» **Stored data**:
= Beginning of Section =

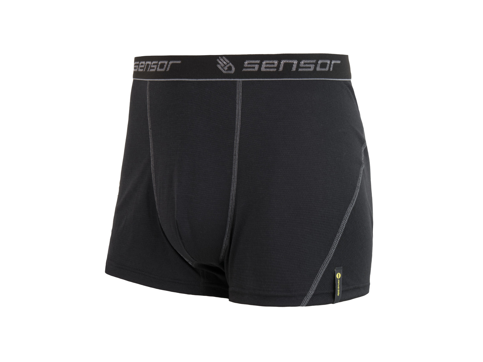 Double Face boxer fra Sensor, der sætter træning i både varme og kolde forhold i perspektiv. Underbukserne giver med en innoverende teknik, gode forudsætninger for træning i to forskellige klimaer. Svedunderbukserne er lavet i et specielt tolags-materiale, syet med "tuck stitching". Double Face har to forskellige funktioner som underbukser, hvor de både kan benyttes i koldt og varmt vejr. Den ene side, der er mærket med "minus", sørger for en optimal varme vha. formet stapelfibre, der giver et komfortabelt og varmt stof. Den anden side, der er mærket med "plus", sørger for en formindskelse af overophedning, igennem det fineste polyester silke. Svedunderbukserne er desuden meget behagelige at have på, da de er designet med flade sømme, så de ikke irriterer dine følsomme dele.
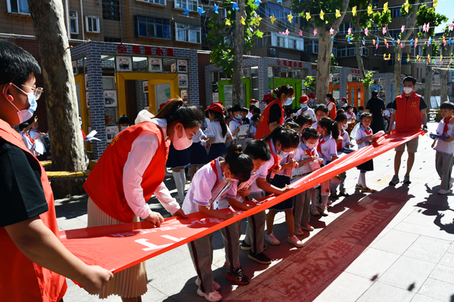 活動最后,小朋友們在“以團帶隊 薪火相傳 安全‘童 ’行 ”的條幅上簽上自己的名字,胸帶少先隊徽,一筆一畫的認真書寫,鮮艷的紅色條幅映紅了孩子們的臉龐,在孩子心中播種下美好的種子。
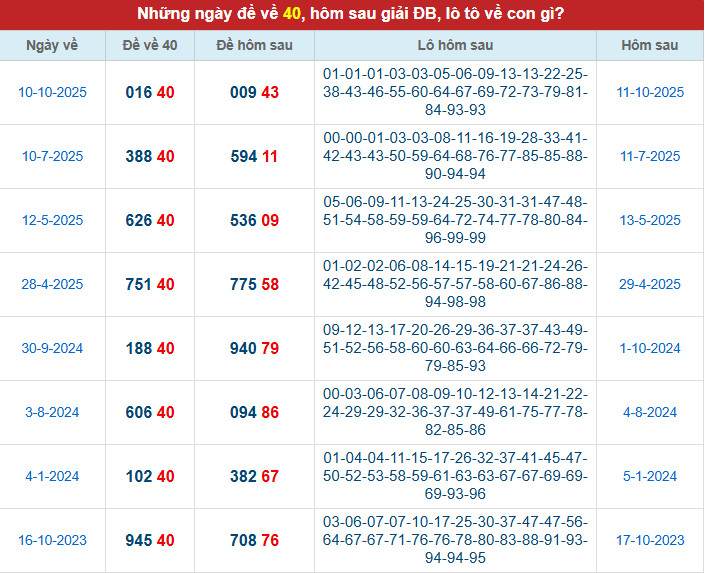 Tổng thể, khi đề về 40, dữ liệu cho thấy xu hướng kết quả hình thành từ các cụm số trung cao và các cặp đảo, trong đó các số xuất hiện dày trong dàn lô, đặc biệt vùng 6x – 9x, đóng vai trò quyết định trong việc tạo ra kết quả ngày hôm sau.
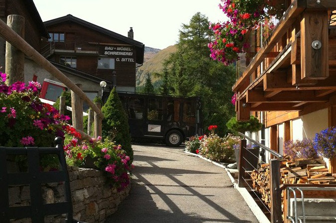 в 10 минутах ходьбы от центра Церматта, рядом с подъемником Klein Matterhorn, в 4 часах от международного аэропорта Цюриха и в 5 км от ж/д станции Taesch.
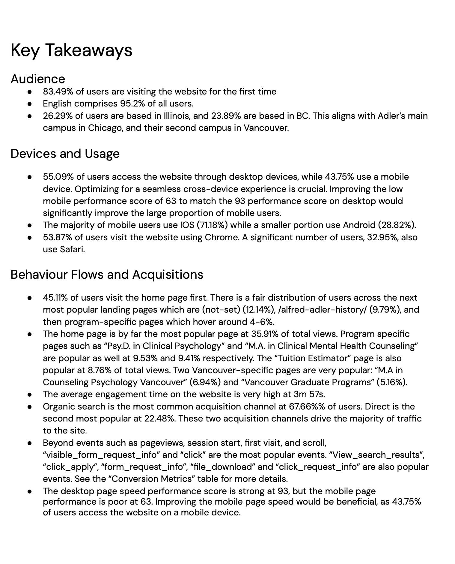I conducted analytics audits, competitive benchmarking, stakeholder interviews, and workshop facilitation across Chicago and Vancouver campuses to uncover enrolment friction and decision barriers.

= End of Section =

» **Assignment**: Exercise for the records above: copy only the lines from the one with "薪火相傳 安全‘童 ’行" to the one with "в 10 минутах", both ends kept, and drop the pictures.

» **Expected answer**:
 活動最后,小朋友們在“以團帶隊 薪火相傳 安全‘童 ’行 ”的條幅上簽上自己的名字,胸帶少先隊徽,一筆一畫的認真書寫,鮮艷的紅色條幅映紅了孩子們的臉龐,在孩子心中播種下美好的種子。
 Tổng thể, khi đề về 40, dữ liệu cho thấy xu hướng kết quả hình thành từ các cụm số trung cao và các cặp đảo, trong đó các số xuất hiện dày trong dàn lô, đặc biệt vùng 6x – 9x, đóng vai trò quyết định trong việc tạo ra kết quả ngày hôm sau.
 в 10 минутах ходьбы от центра Церматта, рядом с подъемником Klein Matterhorn, в 4 часах от международного аэропорта Цюриха и в 5 км от ж/д станции Taesch.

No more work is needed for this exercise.